Florida District Courts of Appeal, 1983

Picker v. Levinson

Picker v. Levinson
Florida District Courts of Appeal · Decided May 31, 1983 · Bark, Dull, Ferguson, Schwartz
443 So. 2d 110; 1983 Fla. App. LEXIS 19496 (Southern Reporter, Second Series)

Picker v. Levinson

Opinion of the Court

PER CURIAM.

The plaintiff, a unit owner and member of a condominium association, brought a class action challenging the proposed purchase of the recreation lease from the developer. The basis of his complaint concerned alleged technical improprieties in the proxies secured from other owners; and the lack of a properly conducted meeting of the association to ratify the contract.
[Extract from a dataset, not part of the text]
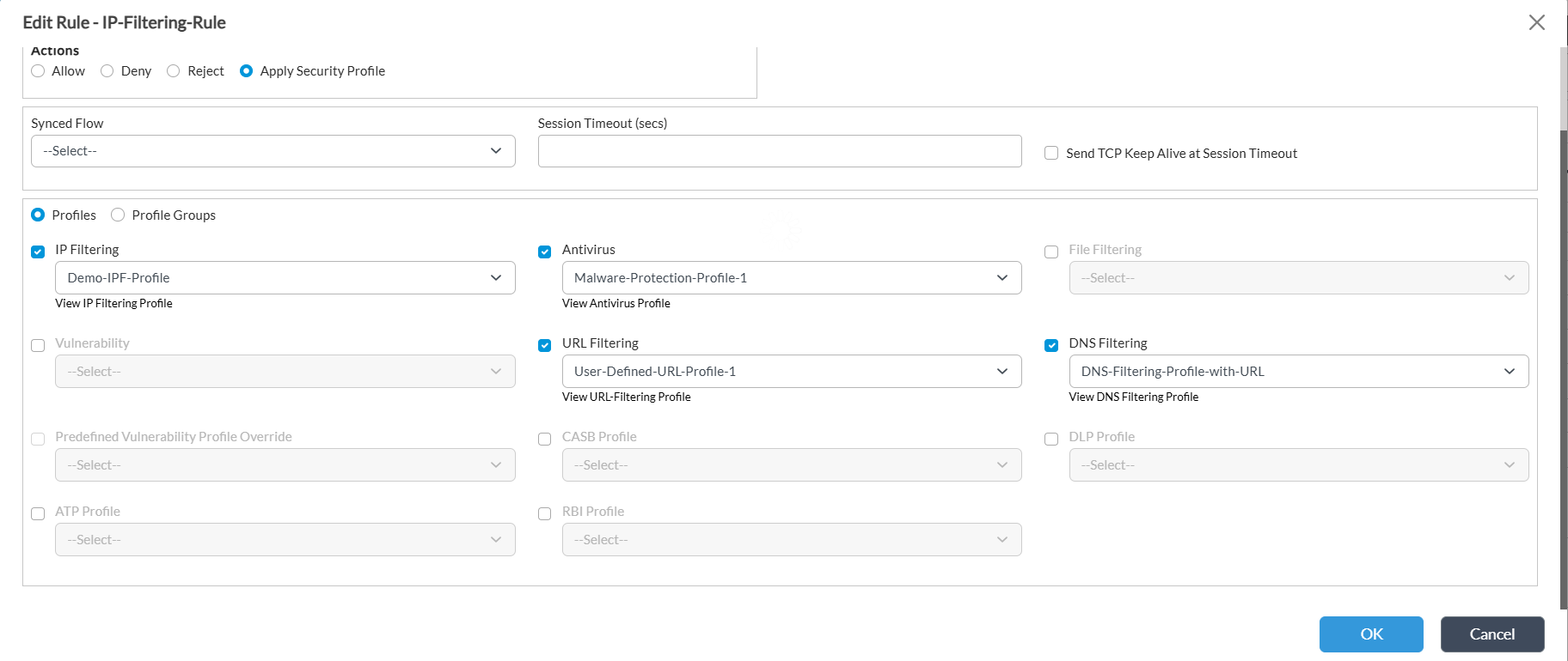 Finally, attach the updated DNS Filtering profile to the relevant security policies.

Section 718.111(12), Florida Statutes (1981), however, requires only the “approval” of two-thirds of the unit owners to purchase a recreation lease. See Waterford Point Condominium Apartments, Inc. v. Fass, 402 So.2d 1327 (Fla. 4th DCA 1981), rev. denied, 412 So.2d 465 (Fla. 1982). It specifically does not necessitate either formal proxies or an association meeting to evidence that approval. Compare, e.g., § 718.112(2)(f), Fla.Stat. (1981). The face of the complaint shows, and it was not suggested otherwise, that the required percentage of owners had in fact “approved”, that is, objectively signified their assent to the purchase. Black’s Law Dictionary 94 (5th ed. 1979). Since that is all that is legally necessary, the case was therefore properly dismissed with prejudice. The deficiency in the complaint is one which cannot be cured by amendment. DeMaris v. Asti, 426 So.2d 1153 (Fla. 3d DCA 1983); see also Affordable Homes, Inc. v. Devil’s Run, Limited, 408 So.2d 679 (Fla. 1st DCA 1982).

Affirmed.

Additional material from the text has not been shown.